Problem: Could you repeat the listing exactly, leaving out the pictures?

Information provided:
Segment Open

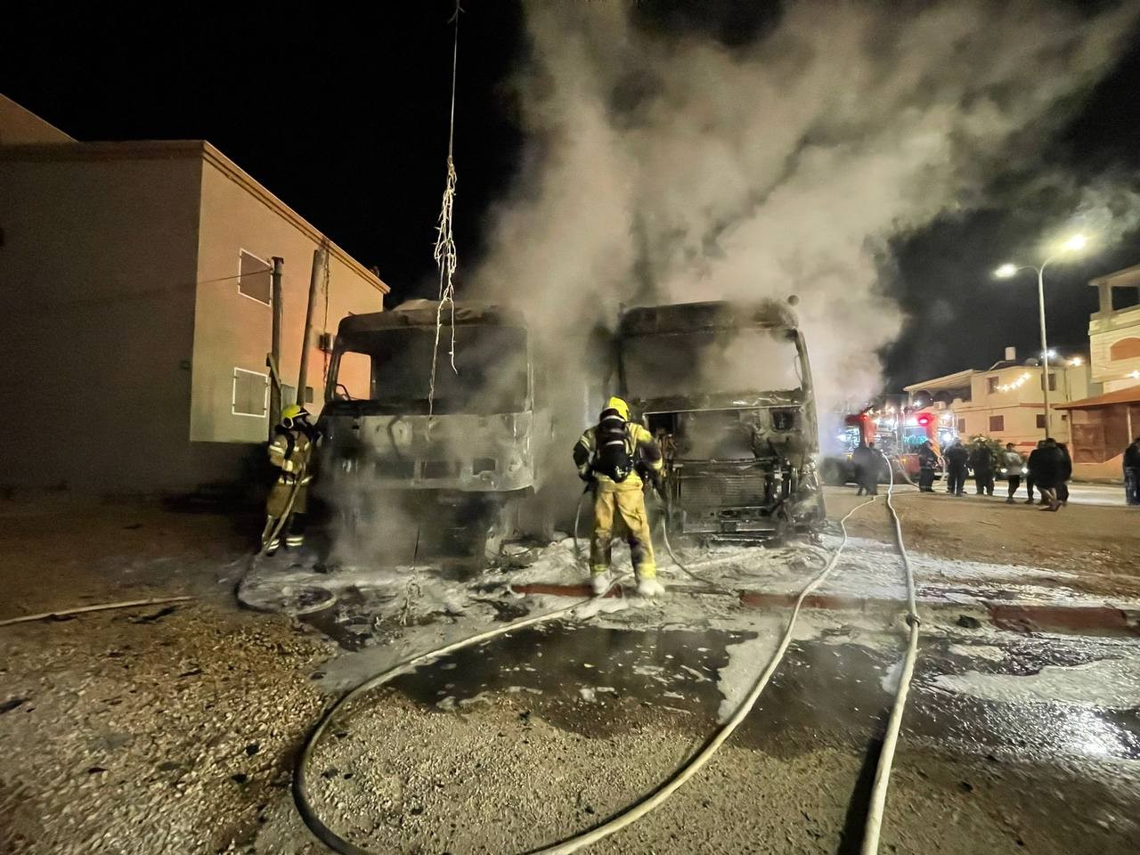 ووفقا للشبهات فإنه، على ما يبدو، يدور الحديث عن جناة مجهولين أحرقوا الشاحنتين عمدا، الساعة الثانية والنصف فجرا.
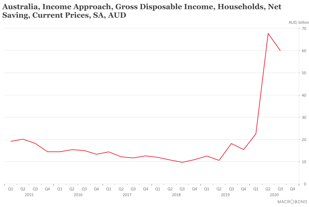 The most likely reason for buoyant confidence is that Australians have been over-compensated by the federal government for the COVID-recession, via JobKeeper and the JobSeeker coronavirus supplement. Future historians and economists will look back and wonder what led a notionally conservative government to bring in such massive support measures. But let’s leave the debate over whether such measures were necessary and desirable to a later time. Let’s just review their impacts by considered data from the September quarter National Accounts released by the ABS last week.
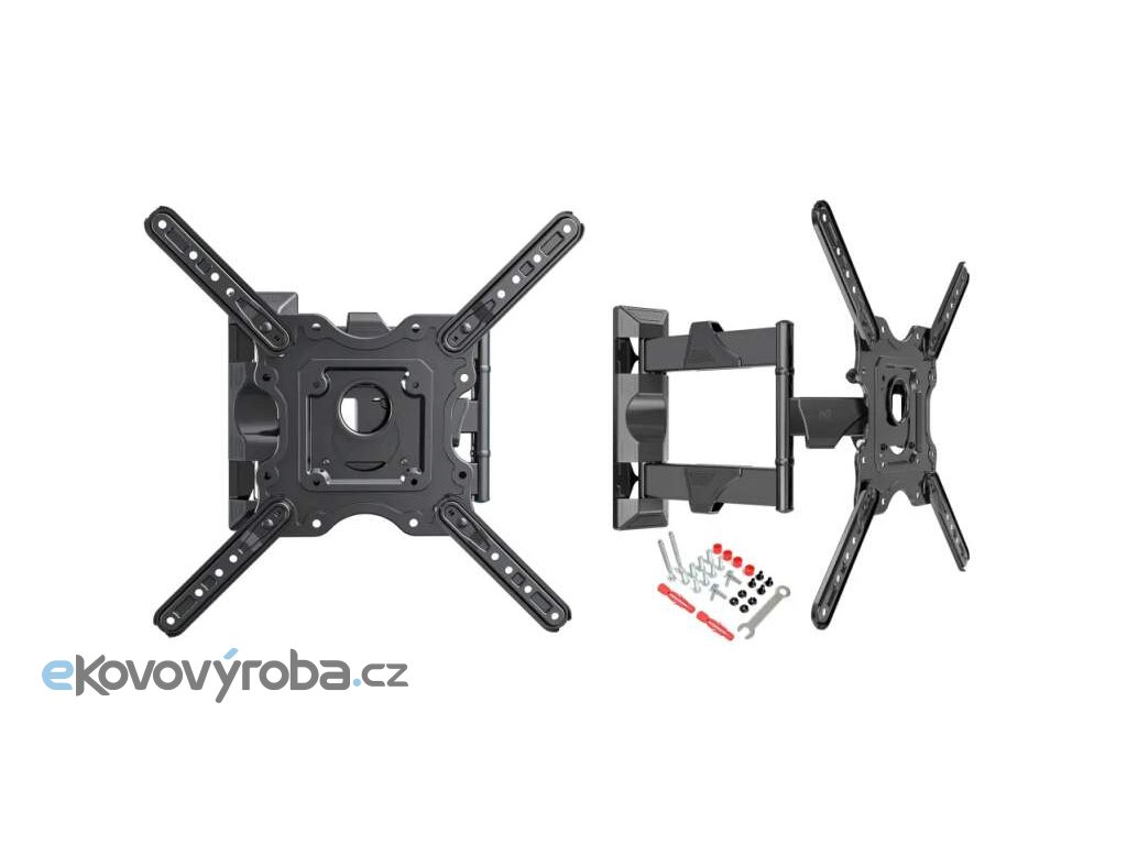 Nástěnný kvalitní držák na Tv 32" - 55", otočný do stran až +90° / -90°, naklápění Tv +5° / -8°, korekce roviny +4° / -4°, vzdálenost Tv od zdi 50-400 mm, VESA 100x100 až 400x400, úchytky na kabely, instalační materiál, nosnost 27,2 kg. Záruka 5 let.

Segment Closed

Response to the exercise:
 ووفقا للشبهات فإنه، على ما يبدو، يدور الحديث عن جناة مجهولين أحرقوا الشاحنتين عمدا، الساعة الثانية والنصف فجرا.
 The most likely reason for buoyant confidence is that Australians have been over-compensated by the federal government for the COVID-recession, via JobKeeper and the JobSeeker coronavirus supplement. Future historians and economists will look back and wonder what led a notionally conservative government to bring in such massive support measures. But let’s leave the debate over whether such measures were necessary and desirable to a later time. Let’s just review their impacts by considered data from the September quarter National Accounts released by the ABS last week.
 Nástěnný kvalitní držák na Tv 32" - 55", otočný do stran až +90° / -90°, naklápění Tv +5° / -8°, korekce roviny +4° / -4°, vzdálenost Tv od zdi 50-400 mm, VESA 100x100 až 400x400, úchytky na kabely, instalační materiál, nosnost 27,2 kg. Záruka 5 let.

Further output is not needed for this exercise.